Dataset excerpts:

----

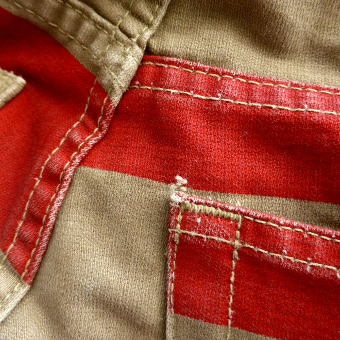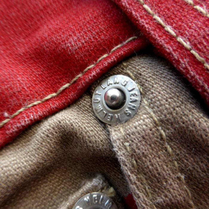 | ヘルムートラング(HELMUT LANG) プリズナー パンツ デニム GTRタグ 初期型 本人期 28 レッド×カーキ ウェア(中古) |
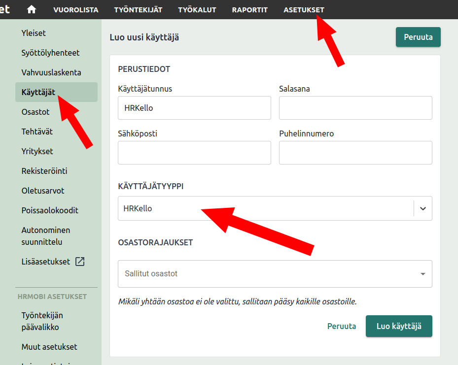 HRKelloa varten on hyvä luoda erillinen käyttäjätunnus, jolla kellokortti aktivoidaan. Käyttäjän pääsee luomaan valitsemalla ylhäältä Asetukset ja sitten vasemmalta Käyttäjät. Tämän jälkeen painetaan Luo uusi.
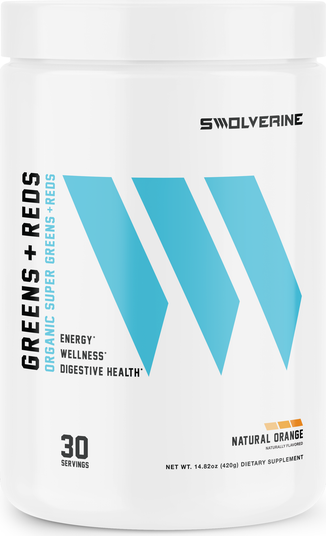 - GREENS + REDS — Fuel Your Body.* Optimize Digestion.* Elevate Your Performance.* A daily superfood blend of nutrient‑dense organic greens, antioxidant‑rich reds, digestive enzymes, prebiotics, and probiotics to support gut health, immune function, and overall wellness—without artificial fillers or proprietary blends. Designed for athletes and active individuals to complement training, recovery, and everyday vitality. ** Why Choose Swolverine® Greens + Reds? → Nutrient‑Dense Superfood Profile* — Organic greens (e.g., spirulina, wheatgrass, chlorella) plus reds from berries, beet, goji, and açaí to support daily micronutrient and phytonutrient intake.*→ Supports Gut Health & Digestion* — Prebiotics, probiotics, and digestive enzymes help support nutrient breakdown, absorption, and a healthy gut microbiome.*→ Immune & Antioxidant Support* — Adaptogens and mushrooms (e.g., reishi, astragalus) with polyphenol‑rich fruits help support immune function and antioxidant defenses.*→ Daily Energy & Recovery Support* — Phytonutrients and enzymes help support energy metabolism and manage exercise‑induced oxidative stress for day‑to‑day readiness.*→ Transparent Formula, No Proprietary Blends* — Disclosed ingredients with no unnecessary fillers or artificial additives for informed choices.* Who It’s For → Athletes & Active Individuals: Support micronutrient intake and training‑aligned wellness.*→ Anyone Focused on Gut Health: Support digestion, nutrient absorption, and microbiome balance.*→ Everyday Immune Support: Help maintain immune function with antioxidant‑rich botanicals and mushrooms.*→ Busy Lifestyles & Health Enthusiasts: A convenient way to increase daily intake of greens and reds.* How It Works (At a Glance) Greens supply vitamins, minerals, and chlorophyll; reds provide polyphenols, anthocyanins, and nitrates; together they help support antioxidant defenses, circulation during exercise, and overall wellness.Digestive enzymes (e.g., papain, protease) help break down nutrients,* while prebiotics + probiotics support a healthy gut environment and regularity.*Adaptogens/mushrooms (reishi, astragalus) help support immune function and a healthy stress response.* Ingredients & Amounts (Per Serving) → Organic Wheat Grass [2,500 mg] — Source of vitamins and minerals to support daily wellness.*→ Organic Spirulina [2,500 mg] — Nutrient‑dense algae to support antioxidant capacity and normal immune function.*→ Organic Chlorella [2,000 mg] — Chlorophyll‑rich algae to support antioxidant defenses.*→ Organic Beet Root [1,000 mg] — Naturally occurring nitrates to support nitric oxide and circulation during exercise.*→ Organic Chia Seeds [1,000 mg] — Source of fiber and ALA omega‑3s to support digestive and nutritional balance.*→ Bilberry [500 mg] — Anthocyanin‑rich berry for antioxidant support.*→ Blueberry [500 mg] — Polyphenol‑rich berry to support healthy antioxidant status.*→ Pomegranate [500 mg] — Polyphenols that support antioxidant defenses and exercise recove
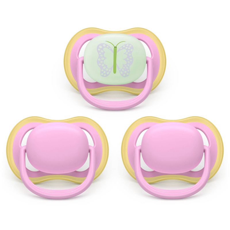 Philips Avent Ultra Air Pacifiers 6-18m - Pink/Butterfly Day+Night - 3pk
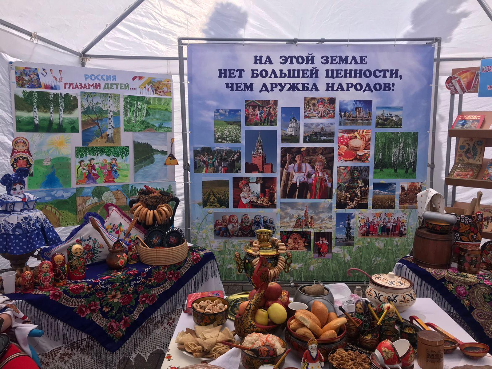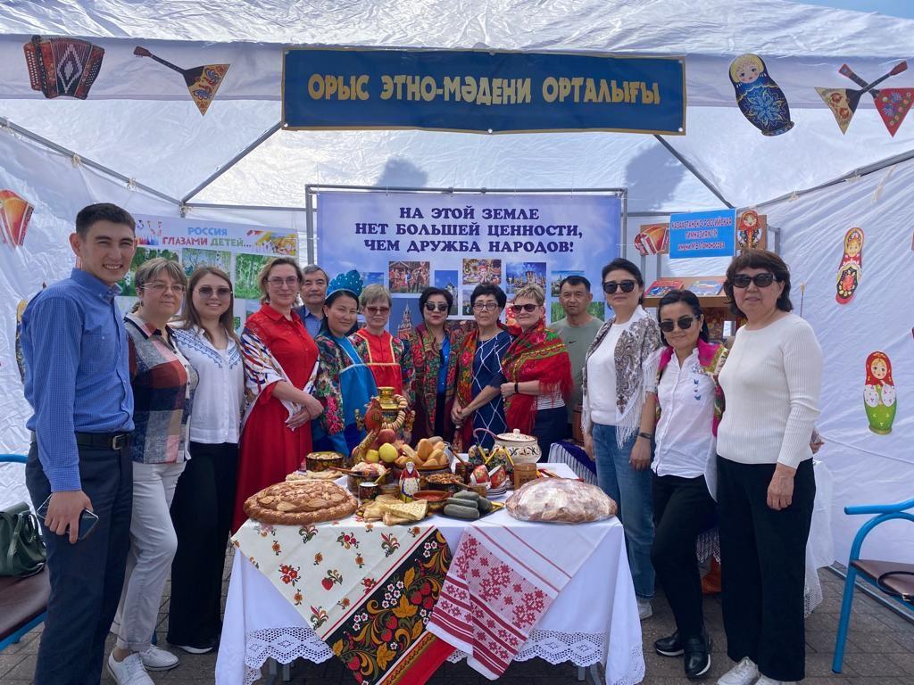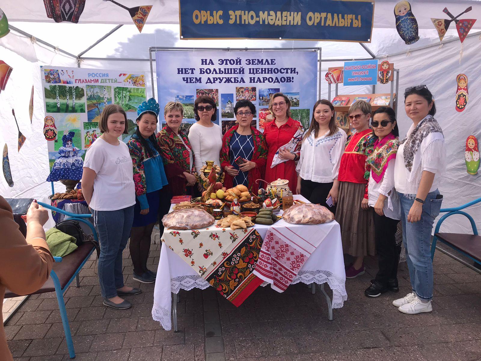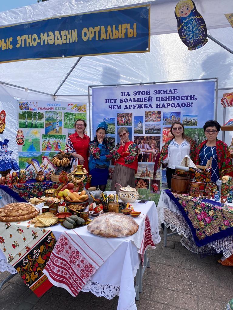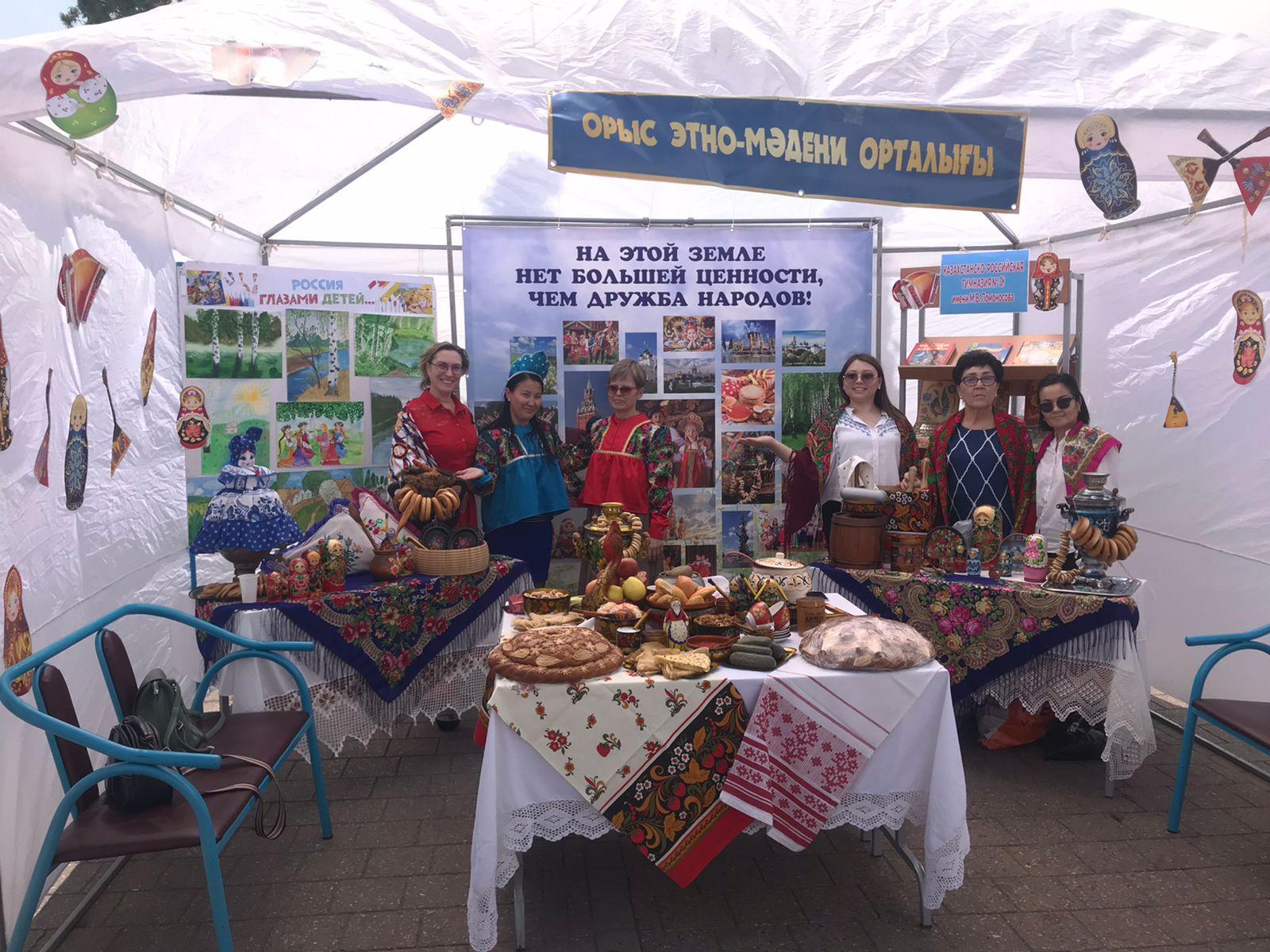 Выставочный павильон гимназии на 1 мая -День единства народов Казахстана. Казахстанско-Российская гимназия № 38 представила русский этнокультурный центр, на представленной выставке были предметы быта, кулинарные изделия, учебники русских философов, рисунки учеников.
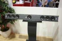 The SurroundBar is composed of a single 43" wide extruded Aluminum enclosure housing seven mid-range drivers and three dome tweeters. The product may be wall mounted above or below the TV with the supplied bracket. It may also be used on a shelf or on top of a TV with its supplied cradle. Both the cradle and wall bracket allow the speaker to be aimed up or down. The product is available in either Titanium or Black anodized finish.
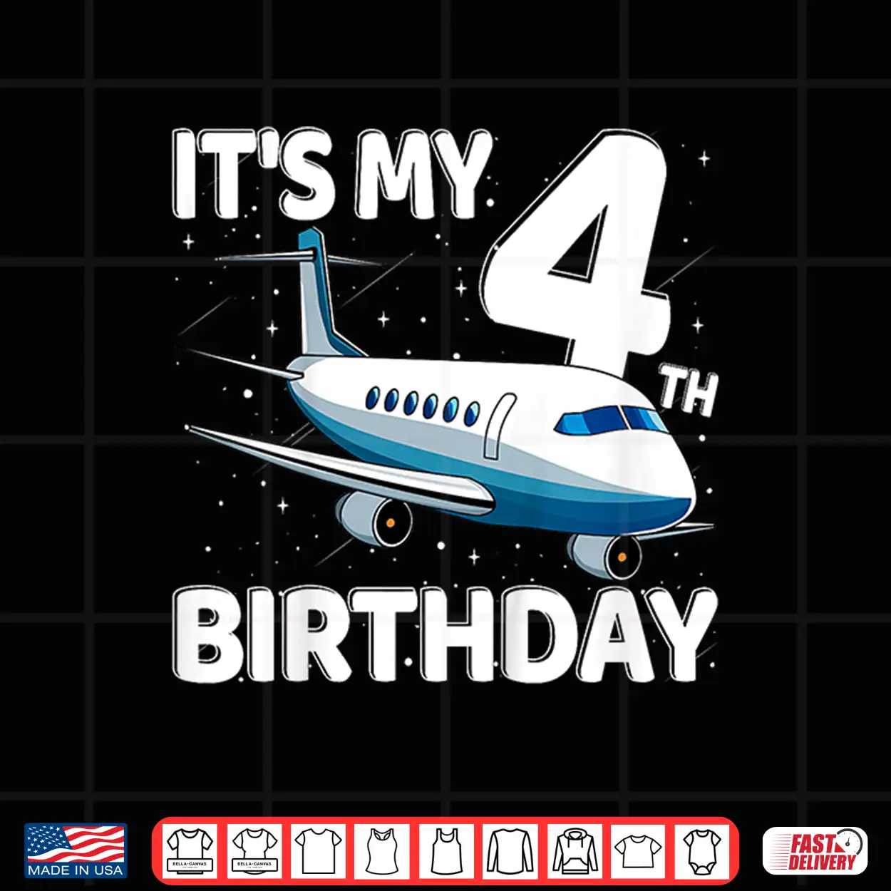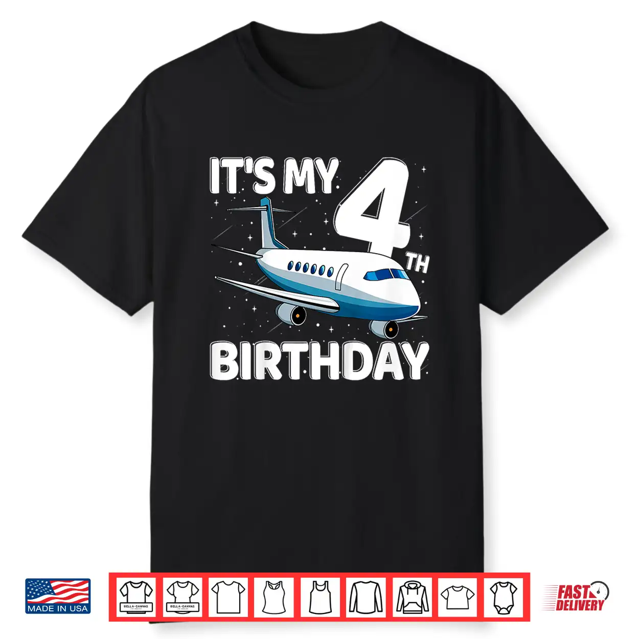 Its My 4Th Birthday Airplane 4 Year Old Birthday Shirt

----

[YOUR GOAL] What you give back should be exactly the lines from the top of the data above down to and including the line with "HRKelloa varten on", minus any pictures.

[WRITTEN ANSWER]
 | ヘルムートラング(HELMUT LANG) プリズナー パンツ デニム GTRタグ 初期型 本人期 28 レッド×カーキ ウェア(中古) |
 HRKelloa varten on hyvä luoda erillinen käyttäjätunnus, jolla kellokortti aktivoidaan. Käyttäjän pääsee luomaan valitsemalla ylhäältä Asetukset ja sitten vasemmalta Käyttäjät. Tämän jälkeen painetaan Luo uusi.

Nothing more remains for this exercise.